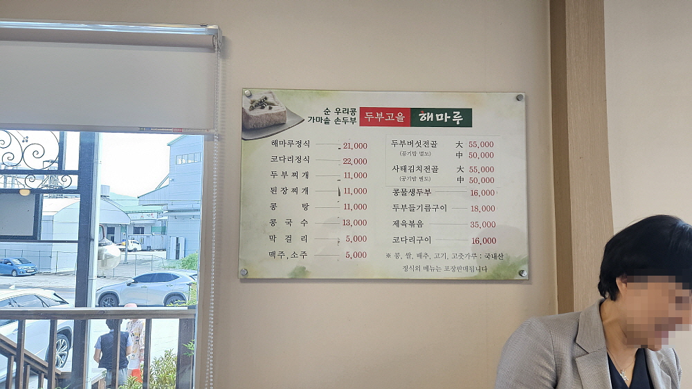 이천과 함께 우리나라 쌀을 대표하는 여주에서 제대로 점심을 먹게 되었다. 예전에 거의 오지 않았던 여주지만 이젠 제집 드나들듯 자주 가게 된다. 이날의 출장도 미리 약속된 것이었지만 점심을 어디서 먹을지는 알지 못했다. 여주 시청 근처에서 일을 보고 강천면으로 이동했다. 시청에서 약 15분 정도 차로 이동하면 이집에 올 수 있다. 이집의 이름은 '두부고을 해마루'라는 식당이었다. 여주쌀로 지은 밥과 직접 만든 두부에 생선구이와 제육도 나오는 집이란다. 가격은 일 인분에 21,000원이다. 합리적인 가격인지 아닌지 잘 모르겠다. 아무튼 푸짐한 한 상이 나오는 것은 맞다.
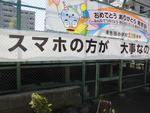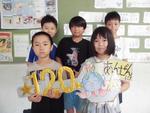 120周年おめでとう横断幕の下に交通安全標語横断幕が張られました。「命より スマホの方が 大事なの?」は去年の3年生(現4年生)の子どもたちが考えた標語です。これとは別にのぼりもできました。「ぜったいに ルールをまもって じこは0」「ヘルメット 命を守る たから物」「あぶないよ スマホばかり 見てる君」社会科や総合的な学習で学んだことを形にして発信しました。スクールゾーン対策協議会、学校運営協議会からも自転車の乗り方や登下校の安全について提言をいただいていますので、引き続き安全指導には力をいれていきます。
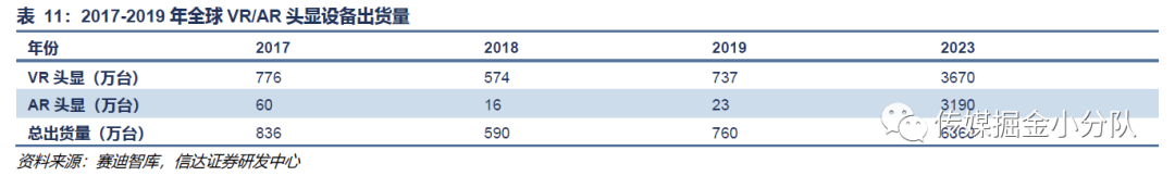 2)VR/AR销售额口径:根据IDC的调研数据,2020年全球AR/VR的销售额预计将达到188亿美元,较2019年的105亿美元增长78.5%。2019-2023预计全球在AR/VR产品和服务上的支出将继续保持强劲增长,实现五年复合年增长率77.0%。消费者支出将由两个大型部分主导:VR游戏(33亿美元)和VR观影(14亿美元)。从地域上看,中国将在2020年实现最大的AR / VR支出(58亿美元),其次是美国(51亿美元),西欧(33亿美元)和日本(18亿美元)。
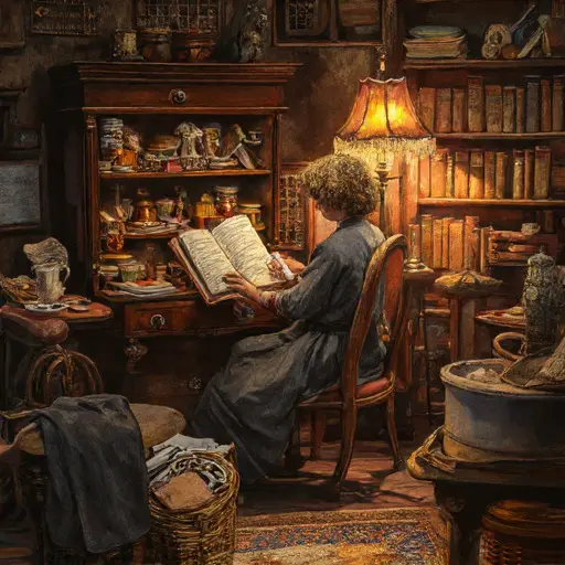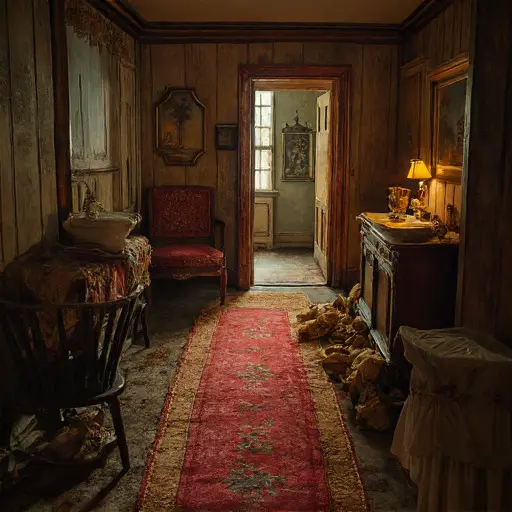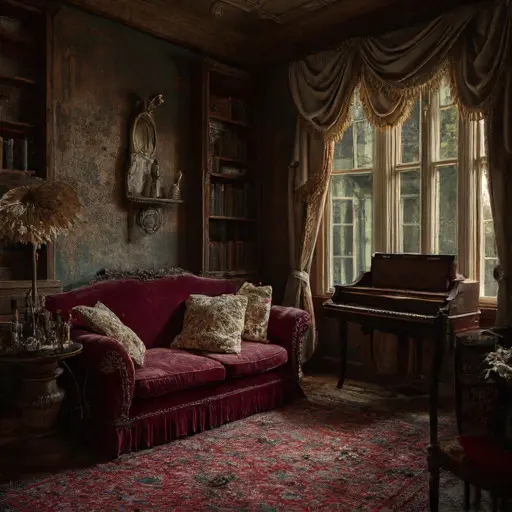 The parlour of Lirawend Throskember House feels shaped by a routine that didn’t break but slowly dissolved, leaving faint traces of what evenings once required. Cooled tea, worn wool, and the metallic hint of old ink linger along the furniture’s softened edges.
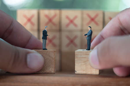 Miniature people businessmen deal or agreement standing on cube wood. Controlled by real people. Negotiating in business. as background business concept and strategy concept
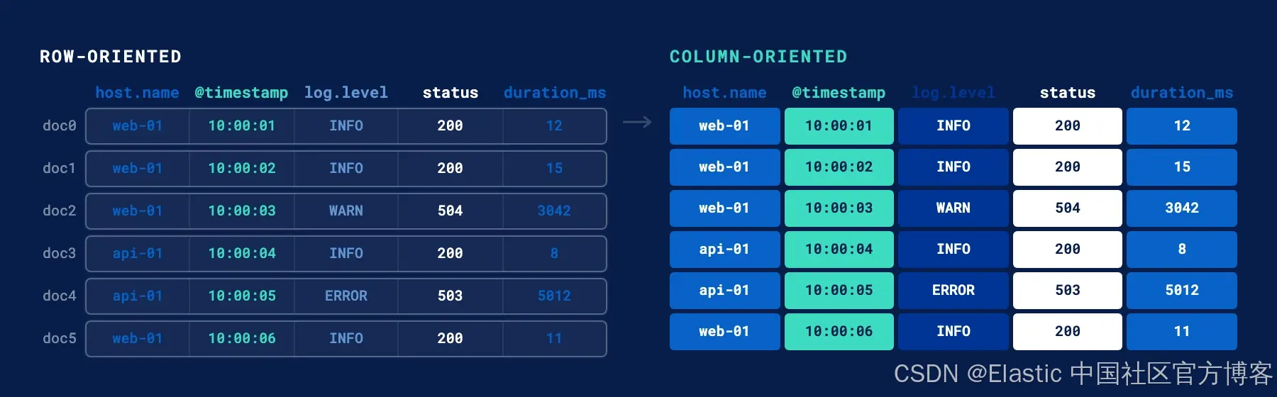 行式的 _source 将每个文档的所有字段放在一个 blob 中 ------ doc0 到 doc5 每个都把 host.name 、 @timestamp 、 status 、 duration_ms 等字段混杂在一起存储。列式的 doc values 则重新组织这些数据,使所有 host.name 的值放在一列中,所有时间戳放在另一列中,所有状态码放在另一列中。然后压缩编码可以在每个连续的列上独立运行。
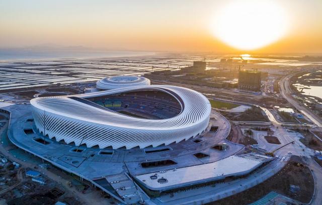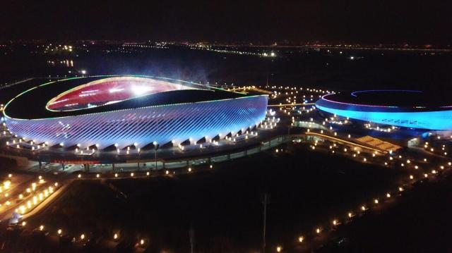 夜晚,体育场馆的绚丽灯光亮起,从空中俯瞰,一场一馆典雅端庄,体育场轻盈起伏的纹路及体育馆晶莹圆润的外形清晰可见,恰似海浪拂过的沙滩,裹藏珍珠的玉贝,简约而不失现代,震撼与温婉融为一体,成为红岛海岸边一道靓丽的风景。
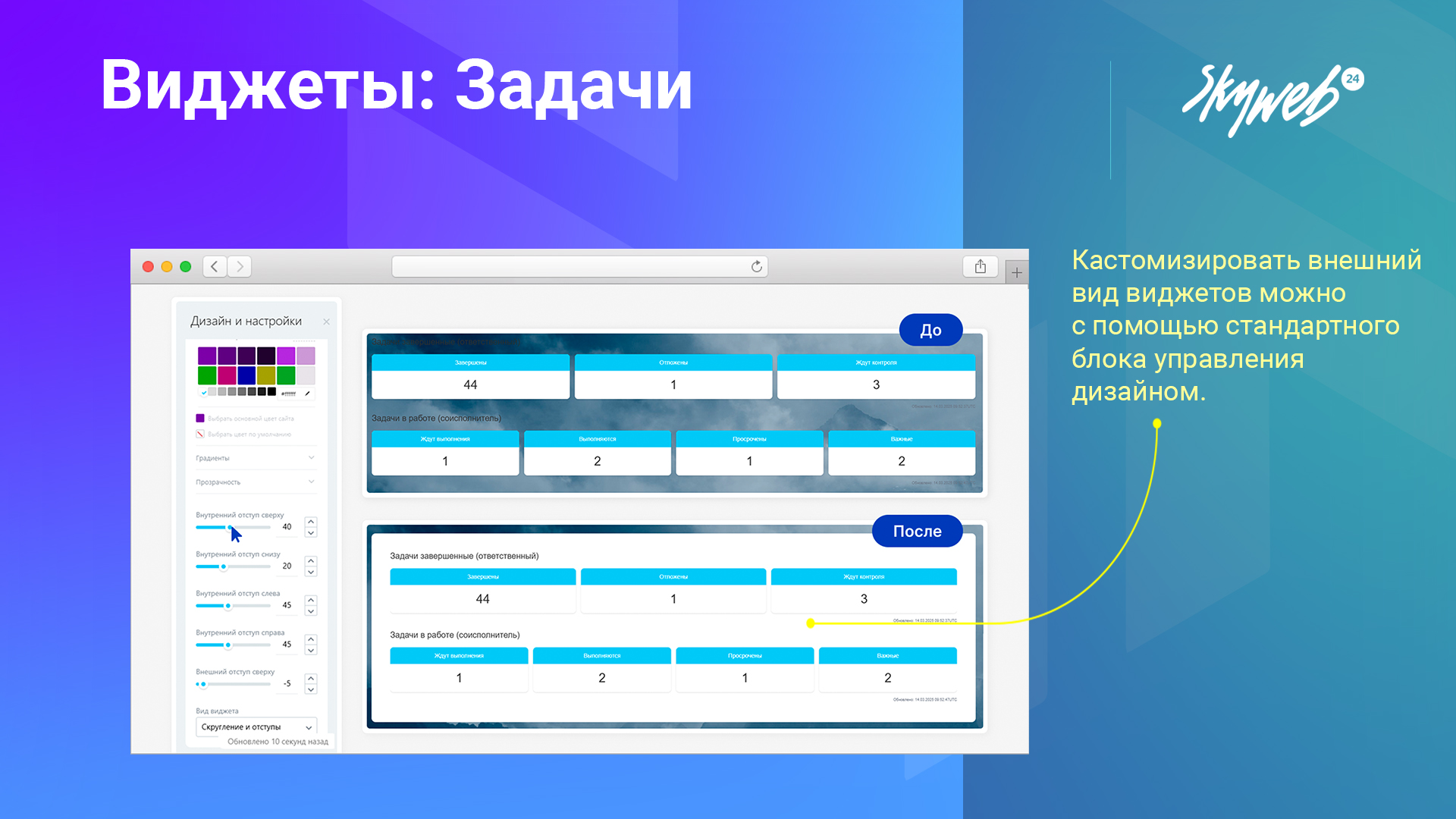 Виджеты из набора можно использовать для создания персонализированных виджетов с помощью «Конструктора виджетов».
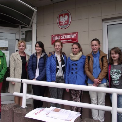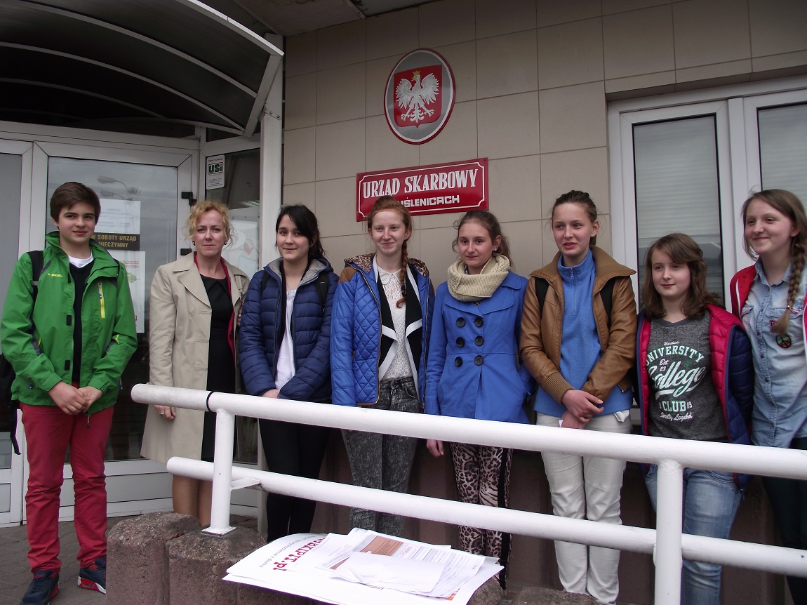 W dniu 17.04.15r. uczniowie w ramach zajęć Koła Przedsiębiorczości odwiedzili Urząd Skarbowy w Myślenicach. Pracownicy urzędu przedstawili formy opodatkowania działalności gospodarczej, pokazali druki zeznań podatkowych i sposób ich wypełniania, poinformowali czym jest podpis zaufany i jak wypełnić dokument urzędowy nie wychodząc z domu.
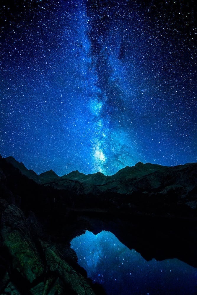 Captured in the Sierra Nevada mountains, a perfectly still alpine lake mirrors the astronomical display, creating a symmetrical reflection that doubles the visual impact of the starry panorama.
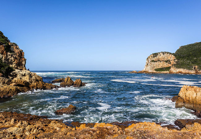 A visit to Knysna would be incomplete without a trip to the heads - a striking geological feature made up of a pair of huge, brightly coloured cliffs lying at the mouth of the lagoon, flanking a channel of potentially treacherous water that flows into Knysna's lagoon. The eastern head houses a lookout with spectacular views of the lagoon, Leisure Isle and Knysna whilst the western head is a privately owned nature reserve called Featherbed Nature Reserve. Visitors can get to the reserve via ferry.
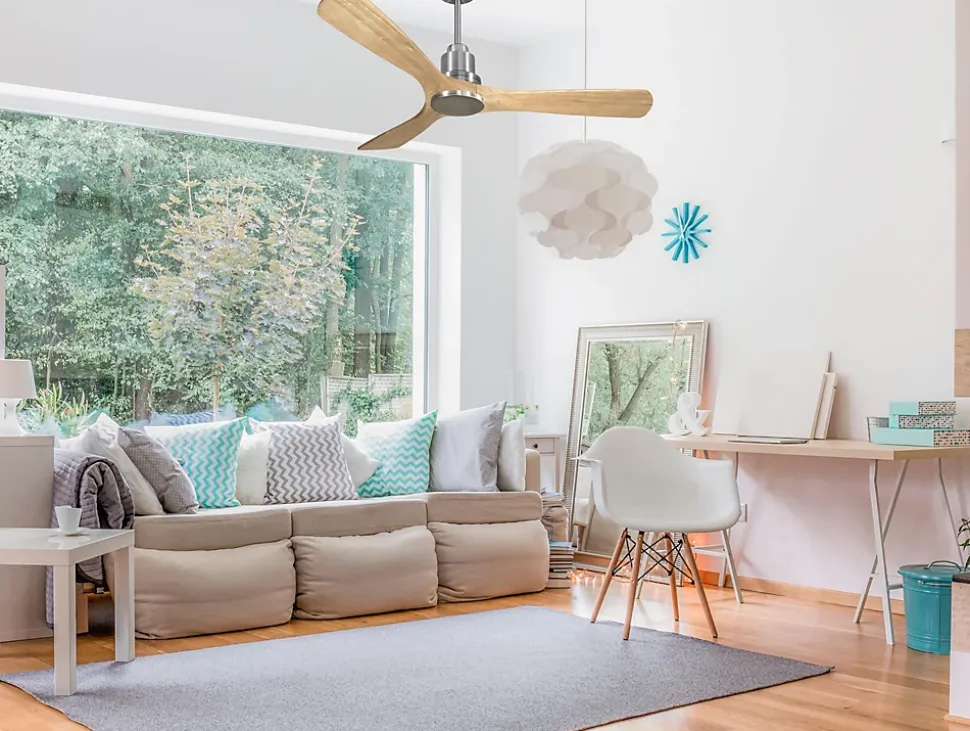 - Ventilateur de plafond connecté, usage via une application domotique possible (par exemple Tuya Smart), compatible iOS et Android
★ ★ ★ ★
→ **WHAT THE TASK ASKS**: Repeat the lines from the line containing "夜晚,体育场馆的绚丽灯光亮起" through the end of the material above exactly, with no pictures and nothing else.

→ **EXERCISE ANSWER**:
 夜晚,体育场馆的绚丽灯光亮起,从空中俯瞰,一场一馆典雅端庄,体育场轻盈起伏的纹路及体育馆晶莹圆润的外形清晰可见,恰似海浪拂过的沙滩,裹藏珍珠的玉贝,简约而不失现代,震撼与温婉融为一体,成为红岛海岸边一道靓丽的风景。
 Виджеты из набора можно использовать для создания персонализированных виджетов с помощью «Конструктора виджетов».
 W dniu 17.04.15r. uczniowie w ramach zajęć Koła Przedsiębiorczości odwiedzili Urząd Skarbowy w Myślenicach. Pracownicy urzędu przedstawili formy opodatkowania działalności gospodarczej, pokazali druki zeznań podatkowych i sposób ich wypełniania, poinformowali czym jest podpis zaufany i jak wypełnić dokument urzędowy nie wychodząc z domu.
 Captured in the Sierra Nevada mountains, a perfectly still alpine lake mirrors the astronomical display, creating a symmetrical reflection that doubles the visual impact of the starry panorama.
 A visit to Knysna would be incomplete without a trip to the heads - a striking geological feature made up of a pair of huge, brightly coloured cliffs lying at the mouth of the lagoon, flanking a channel of potentially treacherous water that flows into Knysna's lagoon. The eastern head houses a lookout with spectacular views of the lagoon, Leisure Isle and Knysna whilst the western head is a privately owned nature reserve called Featherbed Nature Reserve. Visitors can get to the reserve via ferry.
 - Ventilateur de plafond connecté, usage via une application domotique possible (par exemple Tuya Smart), compatible iOS et Android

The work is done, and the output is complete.